= EXERCISE =
Could you repeat the listing exactly, leaving out the pictures?

= DATA BELOW =
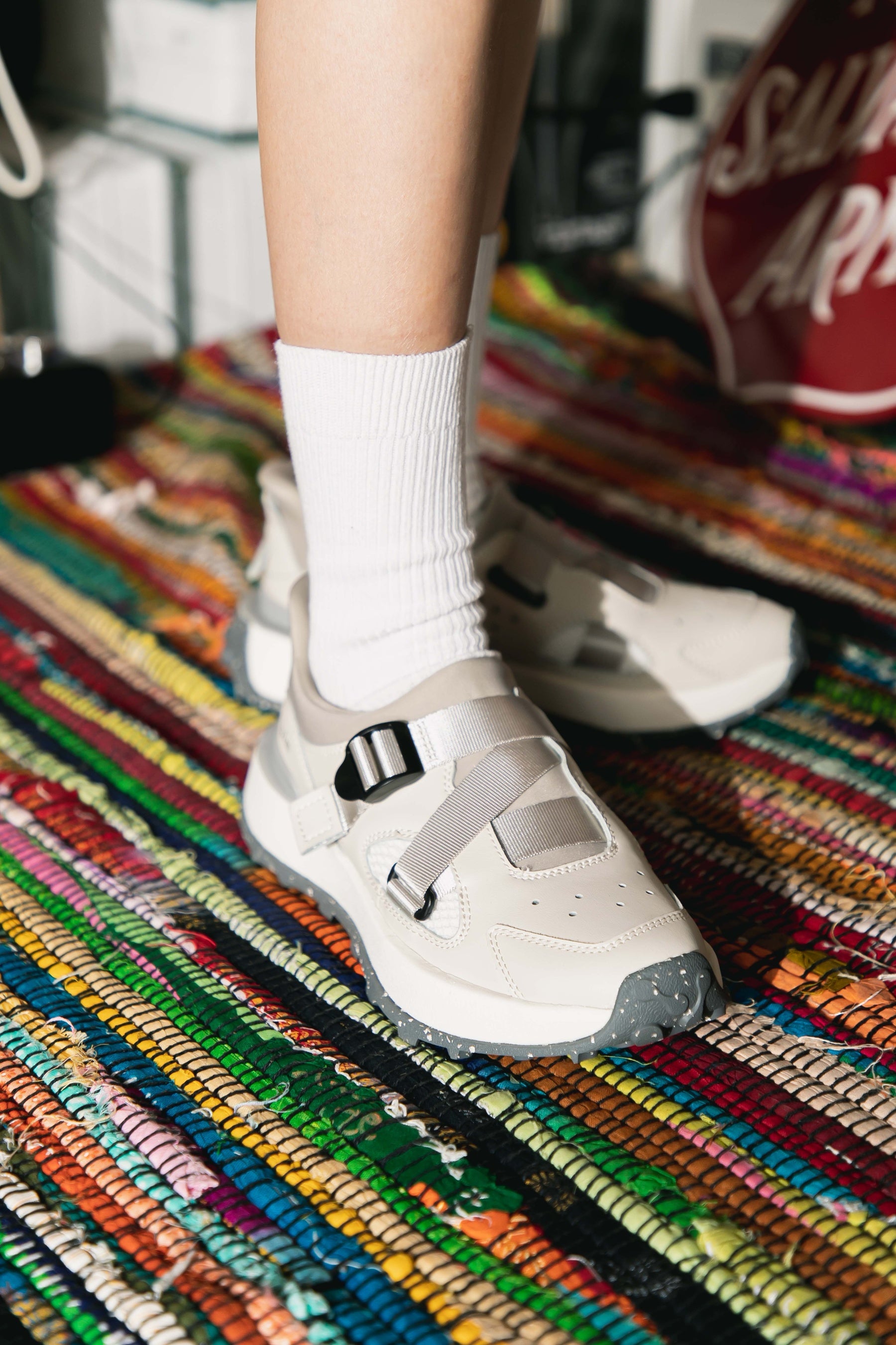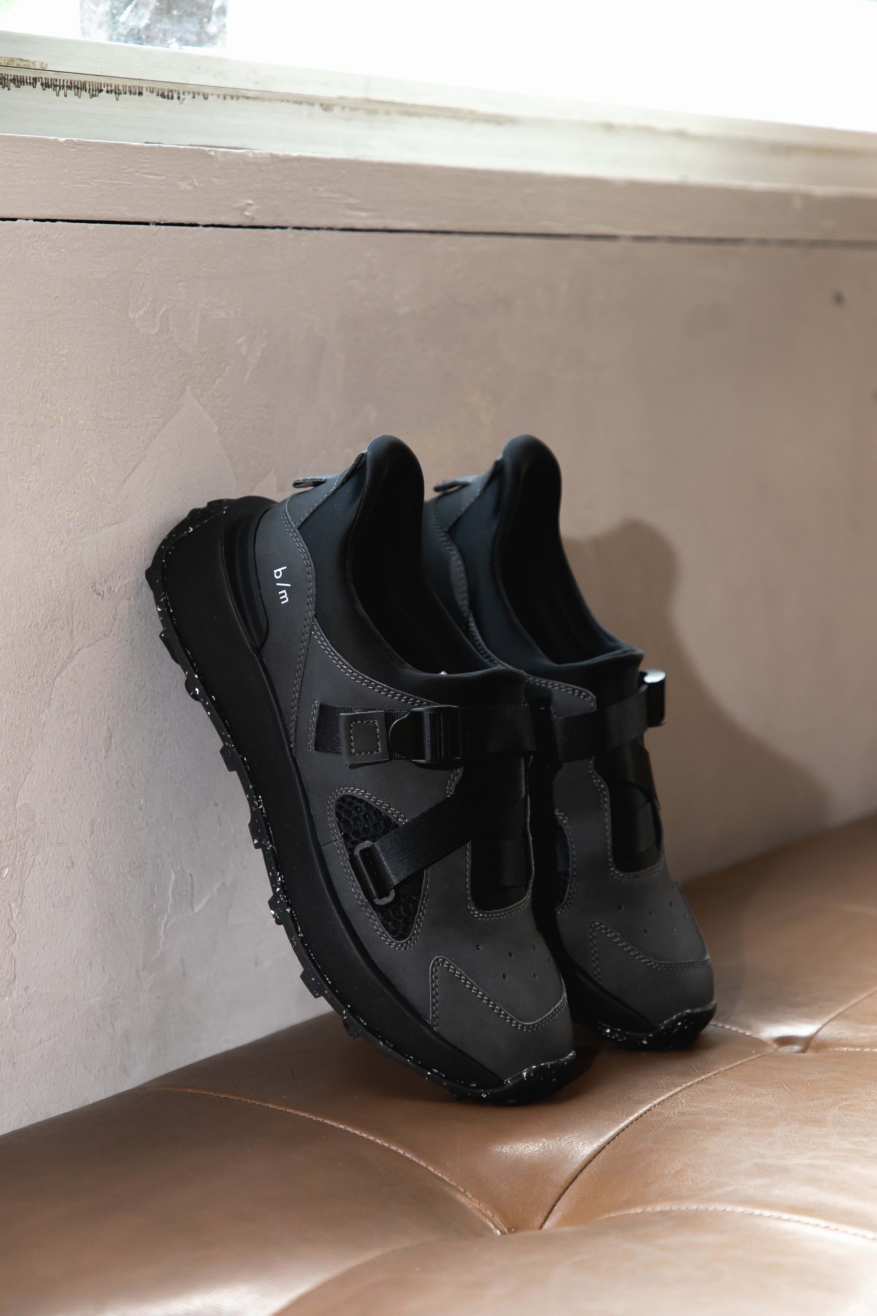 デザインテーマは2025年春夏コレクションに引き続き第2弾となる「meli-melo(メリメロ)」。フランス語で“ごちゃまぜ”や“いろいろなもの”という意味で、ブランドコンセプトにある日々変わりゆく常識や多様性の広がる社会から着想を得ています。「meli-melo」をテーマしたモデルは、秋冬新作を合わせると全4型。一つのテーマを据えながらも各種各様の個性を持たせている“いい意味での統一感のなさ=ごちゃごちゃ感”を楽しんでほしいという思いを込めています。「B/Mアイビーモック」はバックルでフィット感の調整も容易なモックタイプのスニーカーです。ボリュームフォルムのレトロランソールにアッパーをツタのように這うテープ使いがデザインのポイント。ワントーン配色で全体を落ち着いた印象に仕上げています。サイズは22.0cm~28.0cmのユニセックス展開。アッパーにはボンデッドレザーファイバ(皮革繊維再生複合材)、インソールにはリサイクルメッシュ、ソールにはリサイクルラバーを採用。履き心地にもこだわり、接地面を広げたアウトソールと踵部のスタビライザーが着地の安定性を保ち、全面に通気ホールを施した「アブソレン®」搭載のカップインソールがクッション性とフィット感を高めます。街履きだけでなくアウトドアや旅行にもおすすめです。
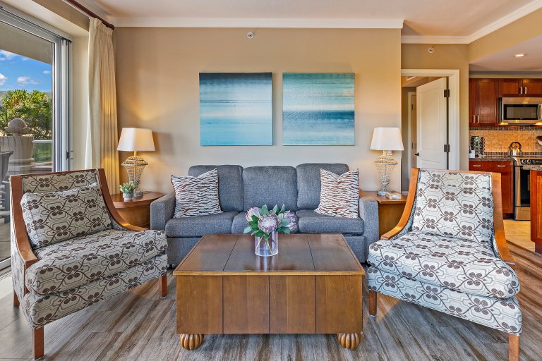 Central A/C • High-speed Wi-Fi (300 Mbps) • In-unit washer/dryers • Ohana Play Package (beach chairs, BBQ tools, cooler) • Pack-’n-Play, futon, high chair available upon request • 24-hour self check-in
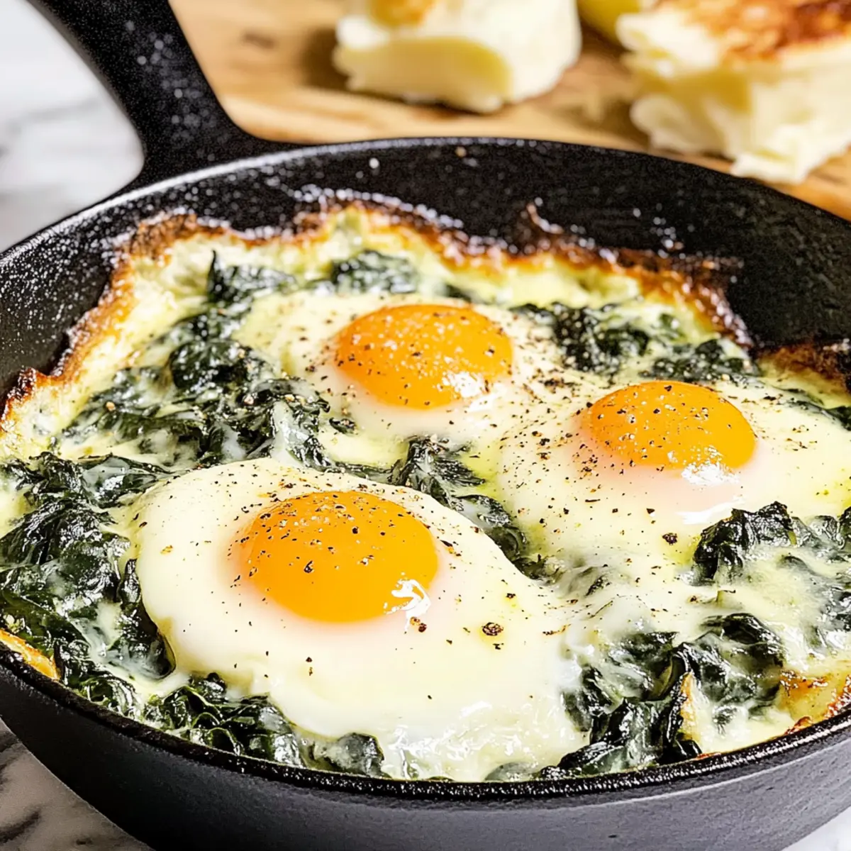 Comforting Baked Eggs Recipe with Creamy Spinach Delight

= ANSWER =
 デザインテーマは2025年春夏コレクションに引き続き第2弾となる「meli-melo(メリメロ)」。フランス語で“ごちゃまぜ”や“いろいろなもの”という意味で、ブランドコンセプトにある日々変わりゆく常識や多様性の広がる社会から着想を得ています。「meli-melo」をテーマしたモデルは、秋冬新作を合わせると全4型。一つのテーマを据えながらも各種各様の個性を持たせている“いい意味での統一感のなさ=ごちゃごちゃ感”を楽しんでほしいという思いを込めています。「B/Mアイビーモック」はバックルでフィット感の調整も容易なモックタイプのスニーカーです。ボリュームフォルムのレトロランソールにアッパーをツタのように這うテープ使いがデザインのポイント。ワントーン配色で全体を落ち着いた印象に仕上げています。サイズは22.0cm~28.0cmのユニセックス展開。アッパーにはボンデッドレザーファイバ(皮革繊維再生複合材)、インソールにはリサイクルメッシュ、ソールにはリサイクルラバーを採用。履き心地にもこだわり、接地面を広げたアウトソールと踵部のスタビライザーが着地の安定性を保ち、全面に通気ホールを施した「アブソレン®」搭載のカップインソールがクッション性とフィット感を高めます。街履きだけでなくアウトドアや旅行にもおすすめです。
 Central A/C • High-speed Wi-Fi (300 Mbps) • In-unit washer/dryers • Ohana Play Package (beach chairs, BBQ tools, cooler) • Pack-’n-Play, futon, high chair available upon request • 24-hour self check-in
 Comforting Baked Eggs Recipe with Creamy Spinach Delight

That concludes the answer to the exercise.